You have to get rejected to get accepted.

Stephen King has already said this, in On Writing. Lots of other people have said it. I say it to people. But I thought that sharing the data and drawing conclusions might be useful. Something about looking at those numbers up there makes it real.

As you can see, the magic number to achieve my resolution was fifty. I hit it this morning, finally. I had hoped, when I made the resolution, to go through the finish line mid-year and just keep on running. Dad dying slowed me down, but there’s something else to consider too: so many markets say that simultaneously submitting a piece to others while they’re considering it is a no-no – and, some of those same markets take three or four months to get back to you.

That’s so much time, for a market that – just going by frequency of acceptance vs. frequency of rejection – probably isn’t going to take your work. And you’re trying to live as a writer. That is, one day you’d like it to be your living.

I bet potential employers would tell us not to simultaneously apply for other jobs while they consider our applications, too. The difference is that nobody asks them. Because, you know, bills.

I don’t mean to insult any publications that do take a hard line on simultaneous submissions. I think that hard line is probably a direct result of many writers with bad manners who, upon being accepted elsewhere, failed to notify other markets that they were withdrawing their work.

What I would say is that, generally, withdrawing one’s work is a thing. My hope is that after a certain point that feels too-long for you (and is too long by the market’s professed turn-around time) you will be brave and self-respectful enough to drop them a line that either says, “Hey, was a decision reached on this?” or “Hey, I’d like to take this story out of your queue.” Do it politely, but do it – because that’s what begins to change the landscape so that the publication can see that either a) oops, they never got back to somebody, or b) yikes, they’d better try to rearrange things a bit so they get through the slush-pile more efficiently.

And, since withdrawing one’s work is a thing that is done, if more of us do it (or query) dependably, maybe the hard yellow double-line on simultaneous submissions can become more of a dotted white line situation (you know, so we can change lanes or merge or whatever, as needed, because we’re using turn signals like adults).

Dragging us back to my fifty-submission situation, this year was also high in acceptances. I got TWO – which, while humble, is two more than in recent years, and it’s tripled my lifetime publications. That’s pretty cool.

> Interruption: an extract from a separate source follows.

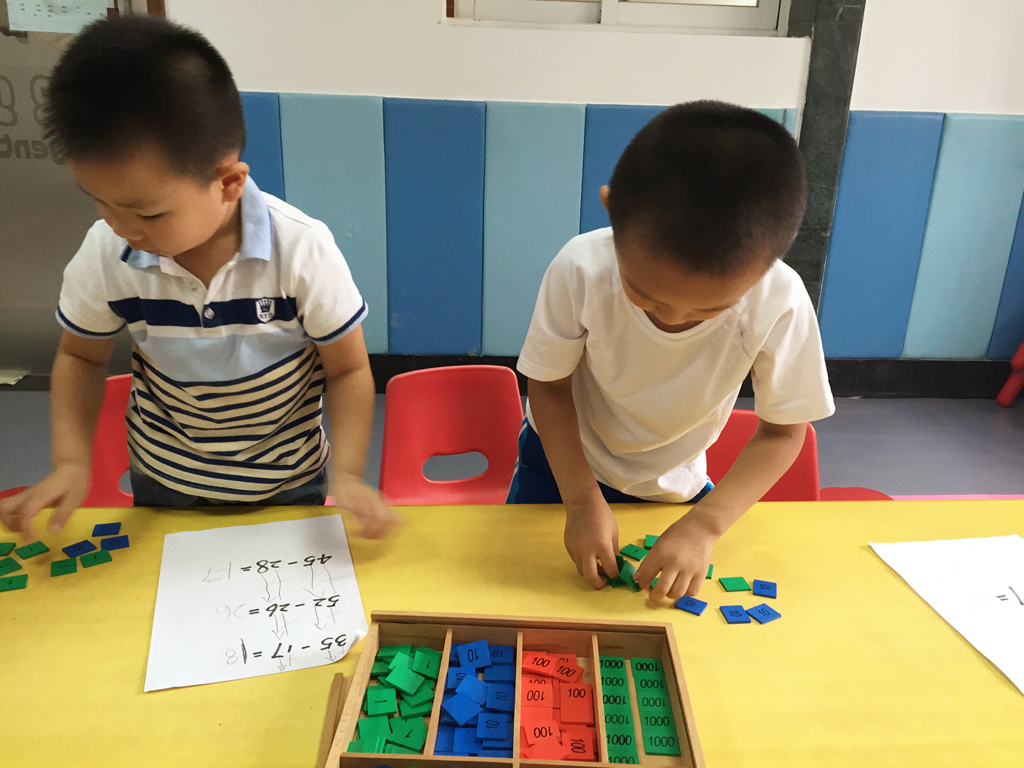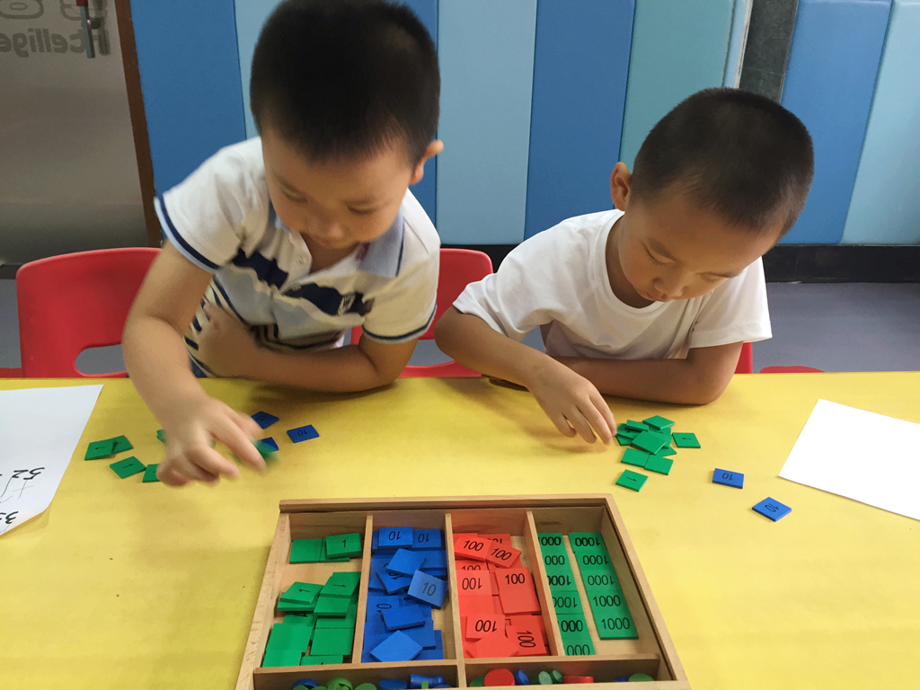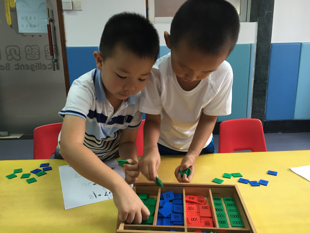 嬰智貝佳采用了以蒙氏教具操作為主導,提供大量操作材料,讓孩子借助材料進行操作,學習分類、組合、序列、等量關系代換,建立大數目的數字、數名、數量關系,讓枯燥、抽象的數學更生動、有趣。并且在專業(yè)教師的引導下,孩子可以主動建構自己的經驗和知識,形成自己的認知結構和思維系統。養(yǎng)成不怕數學喜歡數學的推理習性。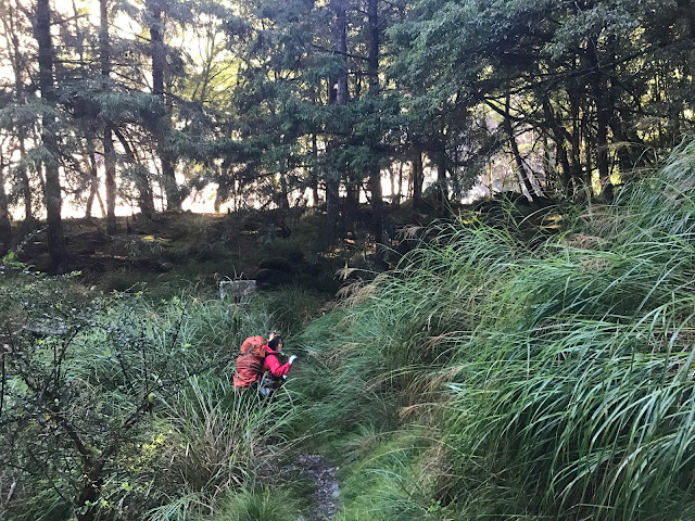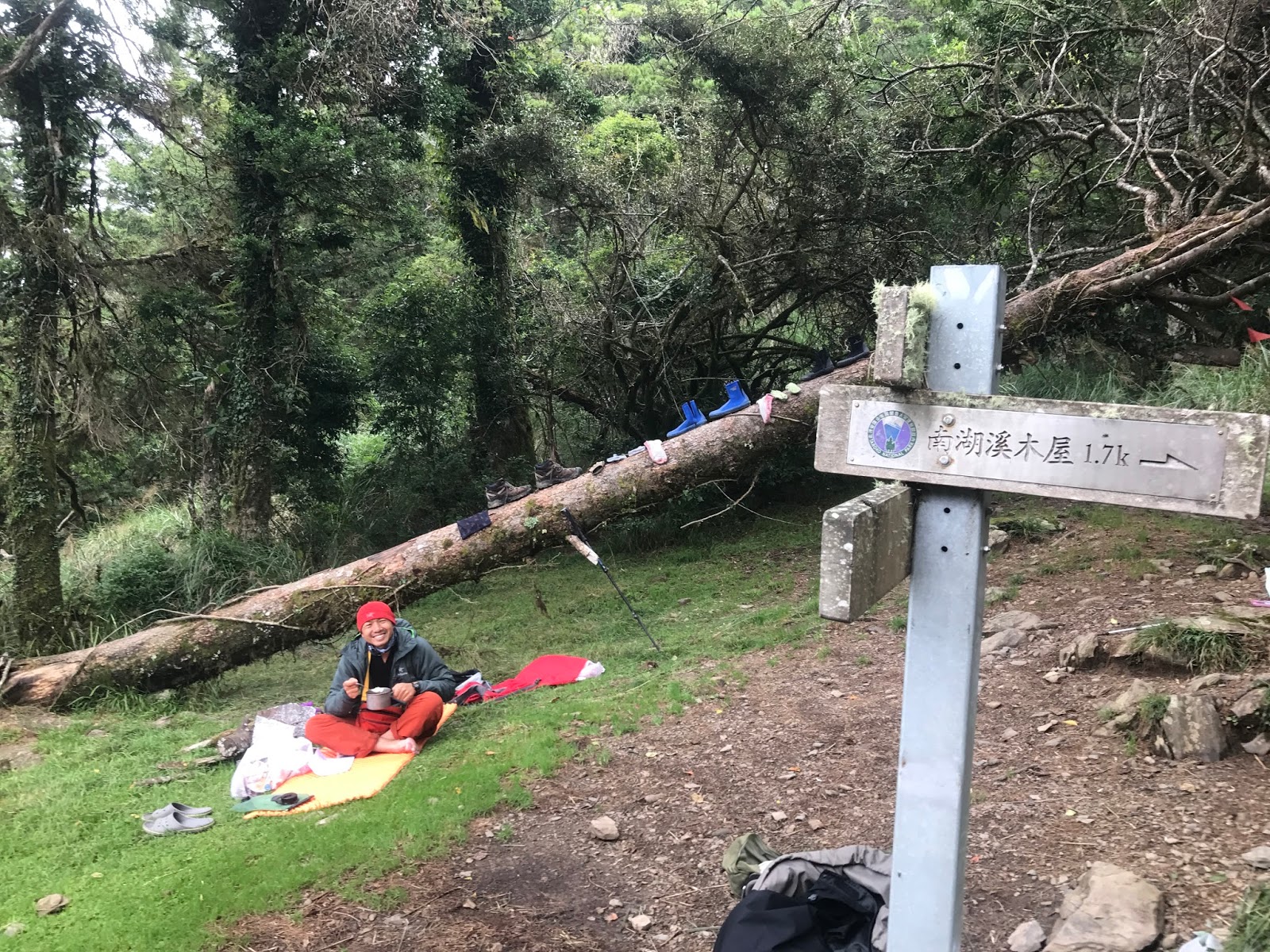 從中央尖溪山屋就知道回鞍部後,小特助要走回雲稜山屋去取回放在山屋的瓦斯罐及垃圾袋。畢竟原本是以為天候會變差甚至可能會從南湖山屋撤退回雲稜再住,但沒想到天氣一直都不錯!所以不能把垃圾遺留下來,很巴結的去拿。預計來回約一小時。

And, if I look at all the rejections it took to get to those acceptances – not just by the numbers, but looking at the kind of rejection wording I got, from which markets and for which stories – I must admit that I have a better idea about what to send X market next, and who might like Y story better. So maybe the goal isn’t just to get published, as you submit yourself to this torture; maybe your other goal is to gather intel about the markets to which you make yourself vulnerable. Yes, you show them yours. But then they show you theirs! USE THAT. Even a form rejection, after twelve hours, tells you a lot. In English that’s either, “We have atypical submission requirements you forgot to read,” or “We don’t like Victorian space-opera, sorry.”

All this to say I’m pretty happy with all those numbers. The two acceptances are awesome, but I also love all those illuminating (and sometimes even encouraging) no-thank-yous. And I love the gaps in the numbers most of all – the difference between what has been sent out and what has been responded to. I must tend that gap, and never let it close, for it is full of hope.